8-Gbit-Fibre-Channel versus 10-Gbit-Ethernet

Derzeit sieht es so aus, als verliere 10-Gbit-Ethernet durch die Einführung von 8-Gbit-FC seinen Vorteil. »Sicherlich tut man sich bei der 8-Gbit-Einführung bei FC deutlich leichter, schon weil der Preisunterschied zu vier Gbit nach kurzer Zeit nicht mehr groß sein wird«, meint Franz Bochtler, Geschäftsführer bei EUROstor. »Aber auch die ersten Speichersysteme mit 8-Gbit-Anbindung werden wohl noch etwas auf sich warten lassen. Die FC-Infrastruktur dagegen kann heute durchaus schon mit acht Gbit realisiert werden. In den meisten Applikationen liegen die Grenzen nicht beim maximal möglichen Durchsatz, sondern bei den I/O-Raten der beteiligen Rechner und Controller. Ausgereizt wird die Bandbreite auf einer einzigen Leitung höchstens beim Verschieben riesiger Dateien (Videos, Bilddaten). In der Praxis ist beim Vergleich zwischen Gbit-Ethernet und 4-Gbit-FC meist kaum ein Unterschied zu spüren.«

Laut Brocade gilt es zwischen unterschiedlichen 10-Gbit/s-Ethernet-Technologien zu unterscheiden: »Standard-Ethernet« und »Converged-Enhanced-Ethernet« (CEE).

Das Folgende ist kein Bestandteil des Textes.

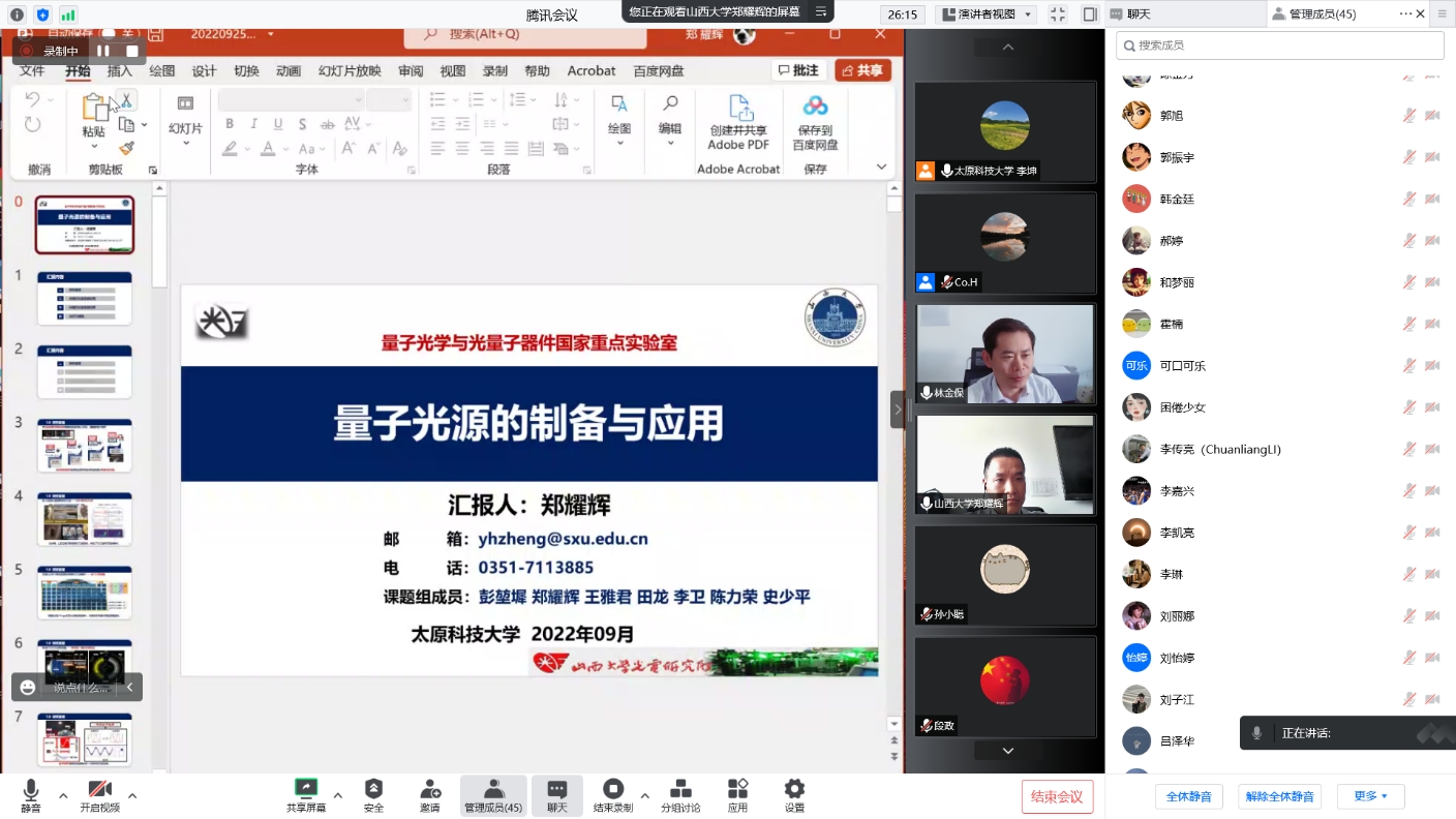 2022年9月29日,应万象城官网应用科学学院和科学技术研究院邀请,山西大学国家杰出青年基金获得者郑耀辉教授在线上作了题为《量子光源的制备与应用》的学术报告。报告由应用科学学院院长林金保教授主持,万象城官网百余名师生倾听了郑教授的学术报告。

Die beiden Technologien FC und CEE (bildet wiederum die Grundlage für FCoE) stehen nicht in Konkurrenz, sondern ergänzen sich. »Der wesentliche Mehrwert von CEE gegenüber FC ist die Multi-Protokoll-Fähigkeit, die aber für die reine Storage-Anbindung nicht benötigt wird«, sagt Heiko Schrader, Regional Sales Manager bei Brocade. »8-Gbit-FC ist bereits auf dem Markt und wird von mehreren Herstellern angeboten. Das 10-Gbit-CEE befindet sich zurzeit noch in der Standardisierung.« Erste Produkte seien hier Ende 2008 oder Anfang 2009 zu erwarten.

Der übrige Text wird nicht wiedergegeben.